Headline
Transparansi data saham bakal diperkuat demi kerek bobot RI.
Kumpulan Berita DPR RI
SEDIKITNYA 300 kasus sindrom langka yang mengancam jiwa pada anak dan remaja terkait dengan SARS-COV-2 penyebab covid-19 merebak di Amerika Serikat.
Hal itu terungkap dalam dua riset di The New England Journal of Medicine dan riset AS yang dipublikasi pada Senin (29/6), menyusul sejumlah laporan sindrom di kalangan pasien covid-19 di Prancis, Spanyol, Inggris, dan Korea Selatan.

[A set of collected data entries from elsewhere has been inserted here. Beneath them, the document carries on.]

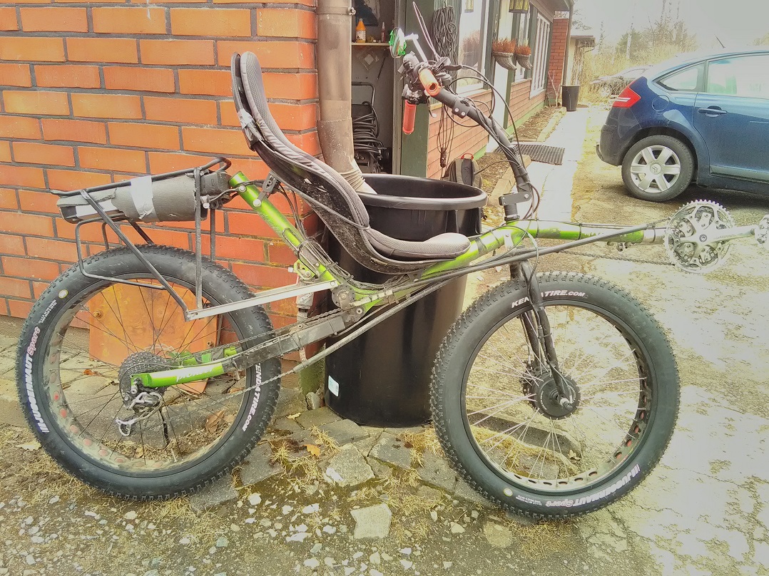Eihän 30kg mikään paha vielä ole. Jos tuohon laittaisi about 20Ah/48V-akun ja suoravetomoottorin, niin oltaisiin lähellä 40kg.
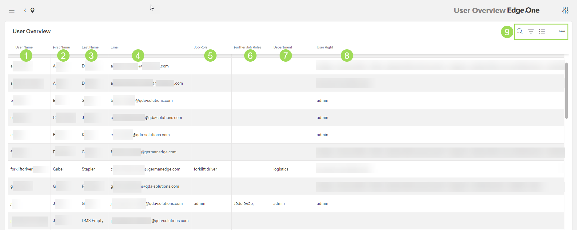 The illustration shows the table with information on the users: (1) column "User Name", (2) column "First Name", (3) column "Last Name", (4) column "Email", (5) column "Job Role", (6) column "Further Job Roles", (7) column "Department", (8) column "User Right" for the different modules, (9) standard action buttons to sort and group the table
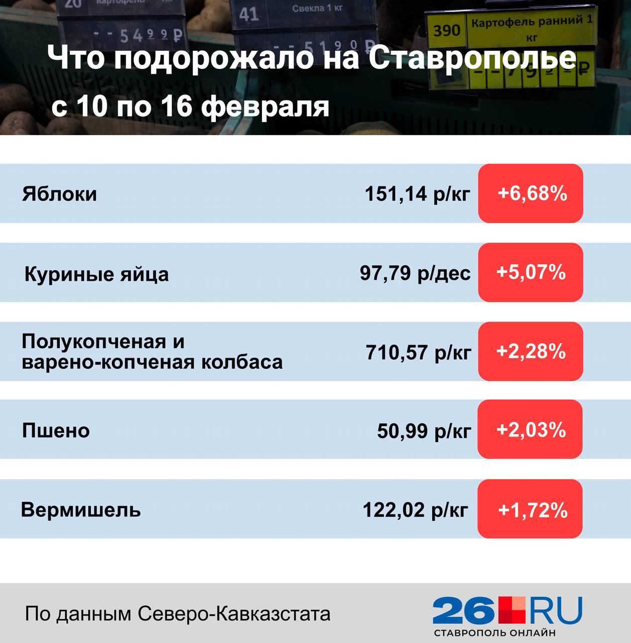 По данным Северо-Кавказстата, за прошедшую неделю в Ставропольском крае продолжился рост цен на продукты питания.
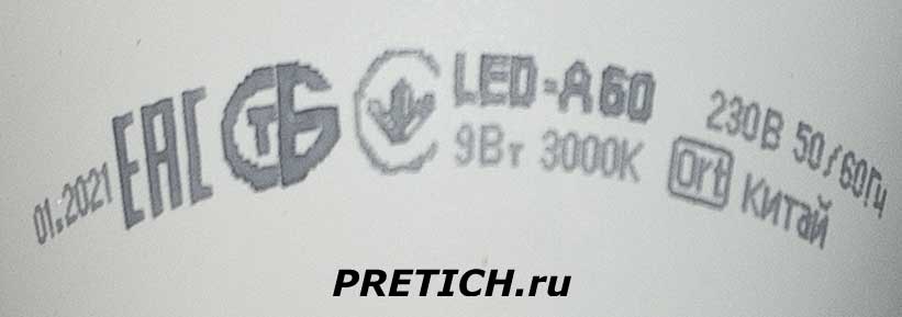 Есть и еще маркировка: 01.2021 - вероятно дата изготовления. ЕАС и другие значки... LED-A60 9Вт 3000К... Китай...
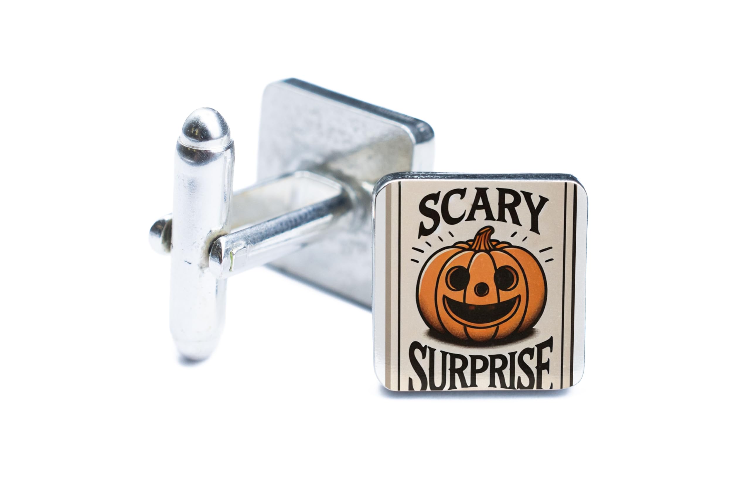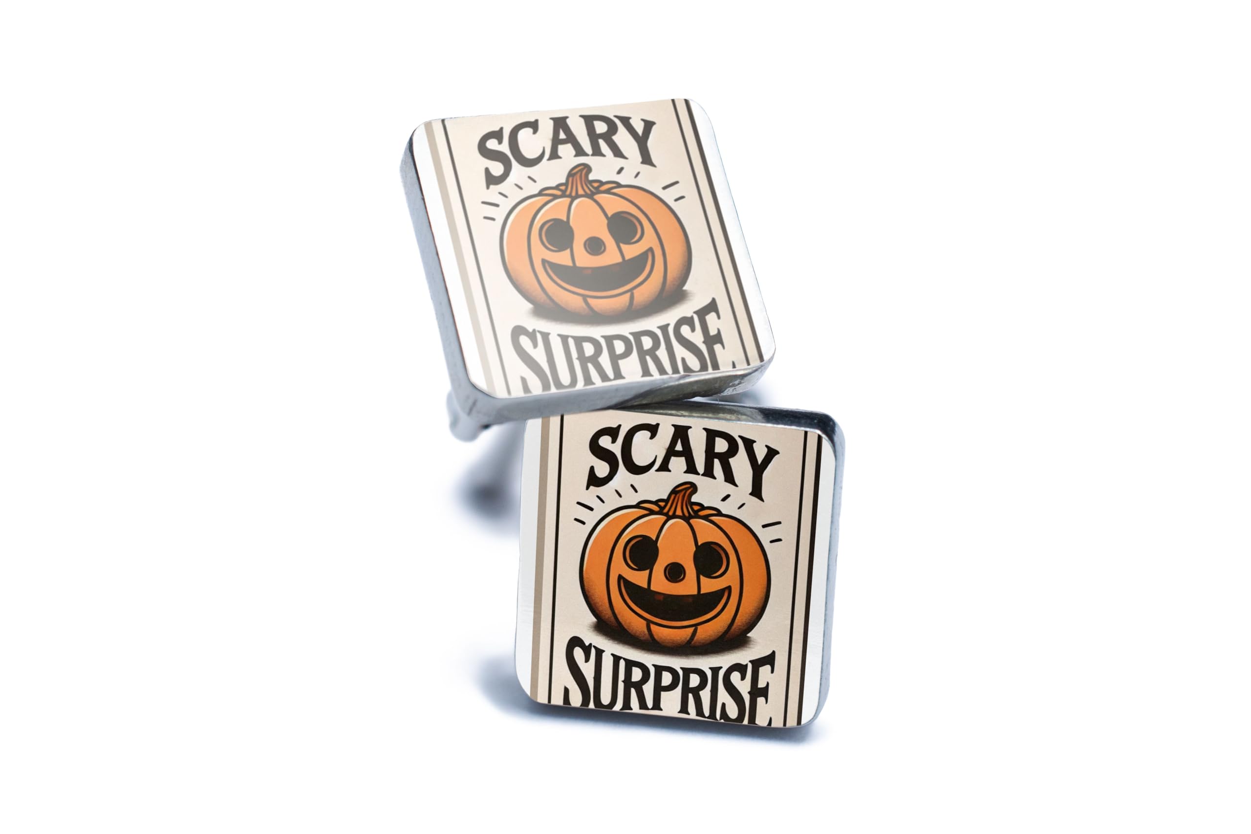 Add a touch of Halloween magic to your outfit with these "Scary Surprise" pumpkin cufflinks. Featuring a smiling jack-o'-lantern design, these cufflinks are the perfect way to embrace the spooky spirit of the season. Made from durable, high-quality materials, they are built to last for many Halloweens to come. Whether you're dressing up for a costume party, attending a themed dinner, or simply spreading festive cheer, these cufflinks are sure to make a statement. Presented in a beautiful gift box, they make a thoughtful and unique gift for Halloween lovers of all ages.
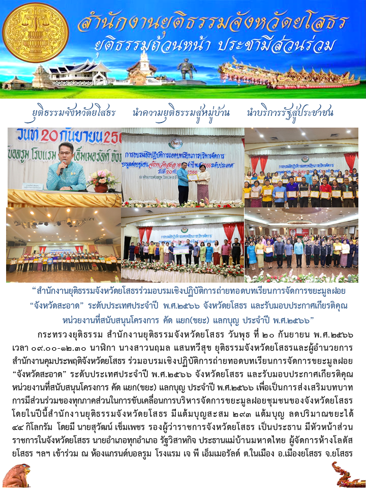 สำนักงานยุติธรรมจังหวัดยโสธรร่วมอบรมเชิงปฏิบัติการถ่ายทอดบทเรียนการจัดการขยะมูลฝอย “จังหวัดสะอาด” ระดับประเทศประจำปี พ.ศ.2566 จังหวัดยโสธร และรับมอบประกาศเกียรติคุณหน่วยงานที่สนับสนุนโครงการ คัด แยก(ขยะ) แลกบุญ ประจำปี พ.ศ.2566

Sindrom langka yang dimaksud ialah sindrom peradangan multisistem pada anak (multisystem inflammatory syndrome in children/MIS-C) dan kawasaki. Profesor pediatri dan kesehatan anak internasional di Imperial College London, Michael Levin, mengungkapkan gejala itu muncul dua sampai empat minggu setelah anak terinfeksi virus korona.
“Terdapat kekhawatiran bahwa anakanak yang memenuhi kriteria diagnostik MIS-C saat ini merupakan puncak gunung es dan masalah yang lebih besar mungkin bersembunyi di bawah permukaan air,” ucap Levin seperti dikutip dari Antara.

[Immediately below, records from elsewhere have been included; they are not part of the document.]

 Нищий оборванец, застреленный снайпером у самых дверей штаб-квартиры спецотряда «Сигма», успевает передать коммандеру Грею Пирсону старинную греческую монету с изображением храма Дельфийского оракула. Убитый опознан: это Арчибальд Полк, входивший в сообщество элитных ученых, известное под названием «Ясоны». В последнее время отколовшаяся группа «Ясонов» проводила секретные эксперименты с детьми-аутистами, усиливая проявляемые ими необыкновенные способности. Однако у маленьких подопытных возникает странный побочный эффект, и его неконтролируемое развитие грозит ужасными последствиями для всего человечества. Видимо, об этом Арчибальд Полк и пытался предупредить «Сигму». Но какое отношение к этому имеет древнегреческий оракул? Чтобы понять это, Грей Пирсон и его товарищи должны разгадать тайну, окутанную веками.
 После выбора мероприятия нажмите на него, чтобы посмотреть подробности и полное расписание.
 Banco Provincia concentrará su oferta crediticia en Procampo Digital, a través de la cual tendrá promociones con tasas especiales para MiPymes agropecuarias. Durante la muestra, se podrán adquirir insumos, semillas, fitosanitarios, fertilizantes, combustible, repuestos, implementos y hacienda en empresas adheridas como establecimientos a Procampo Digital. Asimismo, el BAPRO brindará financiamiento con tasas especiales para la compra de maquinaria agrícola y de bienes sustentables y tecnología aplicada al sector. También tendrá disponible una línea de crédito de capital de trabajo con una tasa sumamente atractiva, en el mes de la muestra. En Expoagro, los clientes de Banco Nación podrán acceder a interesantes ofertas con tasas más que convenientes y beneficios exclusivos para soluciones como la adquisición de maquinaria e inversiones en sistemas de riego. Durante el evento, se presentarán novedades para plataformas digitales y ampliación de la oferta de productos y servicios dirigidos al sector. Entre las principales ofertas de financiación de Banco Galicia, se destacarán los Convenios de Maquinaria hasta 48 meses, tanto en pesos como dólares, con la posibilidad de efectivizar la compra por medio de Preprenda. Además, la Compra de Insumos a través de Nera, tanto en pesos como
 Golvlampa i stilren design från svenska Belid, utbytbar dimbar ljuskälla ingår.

Gejala MIS-C mirip dengan sindrom TS (toxic shock) dan kawasaki, yakni demam, ruam, bengkak pada kelenjar, dan radang jantung yang pada beberapa kasus berdampak fatal.
Sebuah studi baru-baru ini yang diterbitkan dalam jurnal Radiology mengungkapkan anak-anak yang terkena sindrom langka itu mengalami perubahan inflamasi intraabdomen yang luas, inflamasi jalan napas, aneurisme arteri koroner, dan perkembangan edema paru.
Dalam kebanyakan kasus, anak-anak dengan keluhan itu tidak memiliki gejala covid-19, tetapi mereka memiliki antibodi yang menunjukkan mereka telah terpaparpada beberapa titik. Pusat Pengendalian dan Pencegahan Penyakit (CDC) Amerika Serikat mengakui penyebab MIS-C masih misterius.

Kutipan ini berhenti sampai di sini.